When buyers find you in earned places, something subtle but powerful shifts. They stop asking who you are and start asking how you’re different. The sales call feels lighter. Less defensive. Less educational. There’s a sense that you’ve already been vetted, not by them, but by the ecosystem they trust.

Nothing about your marketing changed. The ads didn’t suddenly get smarter. The website didn’t magically rewrite itself. But everything started working better because credibility showed up to do the job marketing was never meant to do.

That credibility spreads in ways no media plan can predict. An article gets forwarded internally. A partner references coverage in a conversation you’re not part of. A prospect mentions something they read about you instead of something you sent them.

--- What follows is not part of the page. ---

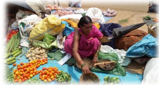
A woman farmer selling her production at local Haat

SKF has undertaken the first mid-term evaluation of such a project implemented by the field partner in Pottangi and Semiliguda Blocks of Koraput District to assess the progress of the project against stated outputs as envisaged, as well as identify issues and recommend course of corrections. The evaluation also highlighted issues and challenges affecting effective and efficient implementation of outputs and their contribution to project outcomes and impact and recommended suggestion for smooth implementation and extension of the project.

This is how momentum actually forms in B2B tech and AV. Not through volume, but through validation.

There’s a name for this progression, by the way. In communications strategy, it’s often explained through the PESO model: Paid, Earned, Shared, and Owned media working together, in sequence, not in competition. You didn’t invent this problem, and you’re not imagining the solution. The model exists because this pattern shows up again and again.

Most companies don’t start out needing PR. Early growth can come from visibility, hustle, and a strong product. But there’s always a point where growth stops responding to more noise and starts responding to trust.

That’s where marketing naturally ends. Not because it failed, but because it succeeded all the way to its edge.

PR begins there, quietly shaping how your brand is perceived when you’re not in the room. And once that layer is in place, everything else moves with less friction.

Not louder. Just easier.

That’s the difference between being seen and being believed. And for brands that want to scale, it’s not a distinction you can avoid forever.